*** Opening of Task inputs ***

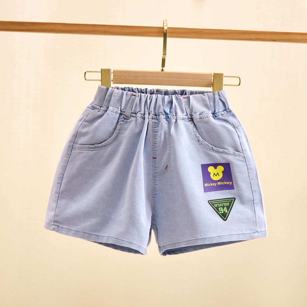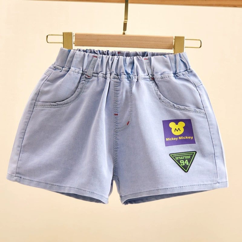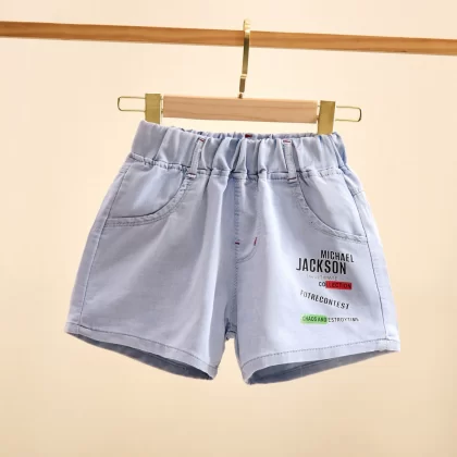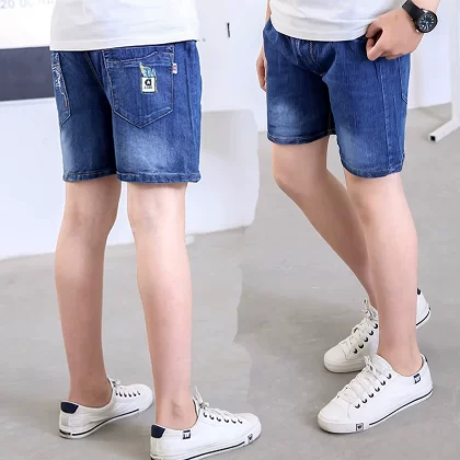 Wear mid-to-large children’s loose cotton denim shorts
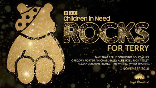 | Set List | 'Overture' (Orchestra), Opening Link (Fearne Cotton, Greg James), 'Fly Me To the Moon' (Olly Murs, House Band, Orchestra), 'Come Fly With Me' (Olly Murs, House Band, Orchestra), 'Leroy Brown' (Olly Murs, House Band, Orchestra), Link to Children in Need Highlights (Olly Murs, Fearne Cotton, Greg James), 'Grow Up' (Olly Murs, House Band, Orchestra), Children in Need Highlights, Link (Greg James, Fearne Cotton), 'Surfin' USA', Beach Boys (The Vamps, Orchestra brass and strings) (inflated beach balls in arena), Link (Fearne Cotton, Greg James), Appeal, Link (Fearne Cotton, Greg James), Terry Wogan Children in Need VT, 'How Long Will I Love You' (Ellie Goulding, House Band, Orchestra), Link (Greg James, Fearne Cotton), 'Still Falling For You' (Ellie Goulding, House Band, Orchestra), Link (Greg James, Fearne Cotton), 'Never Gonna Give You Up' (Rick Astley, House Band, Orchestra), Link (Greg James, Fearne Cotton), Appeal, Link (Greg James, Fearne Cotton), 'I Will Always Love You' (Beverley Knight), Live Item - Quiz INTERVAL Link (Greg James, Fearne Cotton), 'I Am the Very Model of a Modern Major-General', Gilbert, Sullivan (Alexander Armstrong, House Band, Orchestra, Choir), Link (Greg James, Fearne Cotton), Appeal, Link (Greg James, Fearne Cotton), 'Over the Rainbow' (S Escoffery with video of Eva Cassidy, Orchestra woodwind and strings), Link (Greg James, Fearne Cotton), Video - Janet and John, Link (Greg James, Fearne Cotton), '9 to 5', D Parton (Ward Thomas, House Band, Orchestra), Link (Greg James, Fearne Cotton), Appeal, Link (Greg James, Fearne Cotton), 'Stardust' (Gregory Porter, House Band, Orchestra), Link (Greg James, Fearne Cotton), 'These Days' (Take That, House Band, Orchestra), 'Rule the World' (Take That, House Band, Orchestra), 'Never Forget' (Take That, House Band, Orchestra), Link (Fearne Cotton, Greg James), Terry Wigan VT, Closing Link (Fearne Cotton, Greg James), 'The Floral Dance' Michael Ball, Alfie Boe, House Band, Orchestra, Brighouse and Rastrick Brass Band, Choir) |
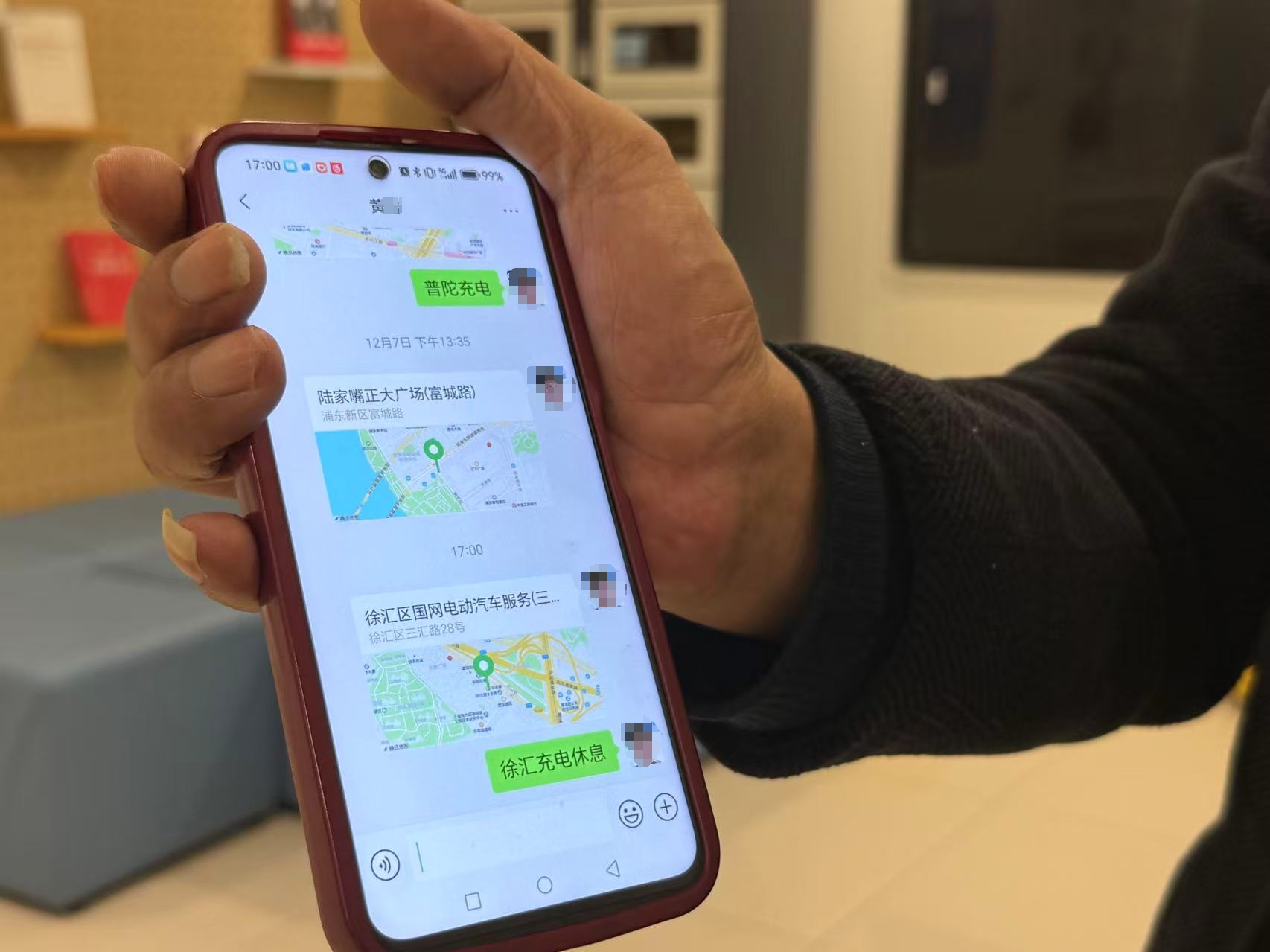 另外一位网约车司机黄师傅则是第一次来这里,他告诉记者,这里充电便宜、休息设施也完备。说完,他打开微信,给自己的账号发了一个定位,备注上“徐汇充电休息”。记者瞥见他的聊天记录,原来,每当遇到一个合心意的充电场所,他都会用这种方式标记下来,方便日后直接导航返回。
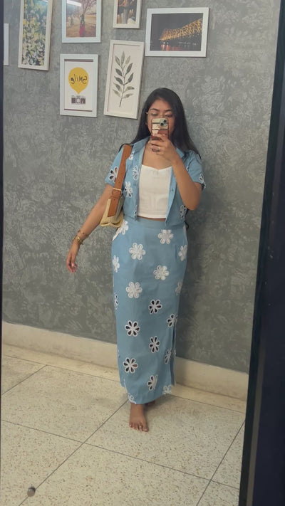 DENIM IN BLOOM ( Skirt Co-ord Set)
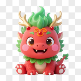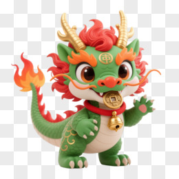 绿红金小龙Q版卡通手绘元素
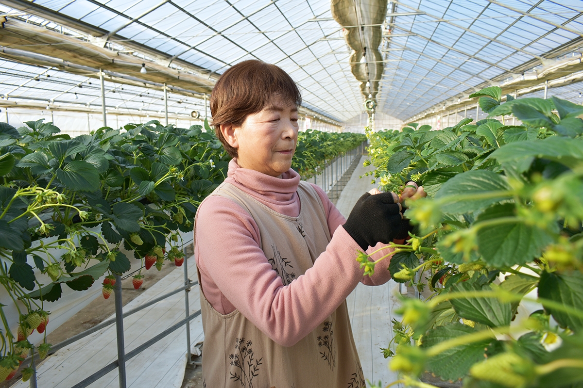 秀史さんの母、はつ子さんも、広いハウスの中、黙々と作業に勤しんでいます。
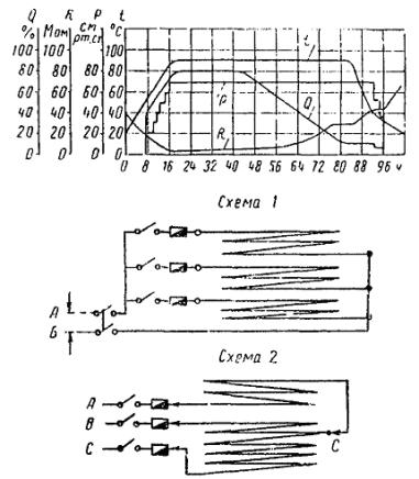 где U - подводимое напряжение в в; L - периметр бака в м; А - коэффициент пропорциональности, зависящий от р: р............... 1 1,25 1,5 1,75 2; А............... 1,85 1,7 1,6 1,5 1,45. Мощность Р намагничивающей обмотки (или секции обмотки) составит: Р = р×L×h, где h - высота обмотки, м. Сечение провода берется в зависимости от протекающего в обмотке тока, равного

*** Close of Task inputs ***

• Task item
Leave the pictures out and retype only the lines from the line with "另外一位网约车司机黄师傅则是" through the final line of the material, both ends included, word for word.

• Solution for this task
 另外一位网约车司机黄师傅则是第一次来这里,他告诉记者,这里充电便宜、休息设施也完备。说完,他打开微信,给自己的账号发了一个定位,备注上“徐汇充电休息”。记者瞥见他的聊天记录,原来,每当遇到一个合心意的充电场所,他都会用这种方式标记下来,方便日后直接导航返回。
 DENIM IN BLOOM ( Skirt Co-ord Set)
 绿红金小龙Q版卡通手绘元素
 秀史さんの母、はつ子さんも、広いハウスの中、黙々と作業に勤しんでいます。
 где U - подводимое напряжение в в; L - периметр бака в м; А - коэффициент пропорциональности, зависящий от р: р............... 1 1,25 1,5 1,75 2; А............... 1,85 1,7 1,6 1,5 1,45. Мощность Р намагничивающей обмотки (или секции обмотки) составит: Р = р×L×h, где h - высота обмотки, м. Сечение провода берется в зависимости от протекающего в обмотке тока, равного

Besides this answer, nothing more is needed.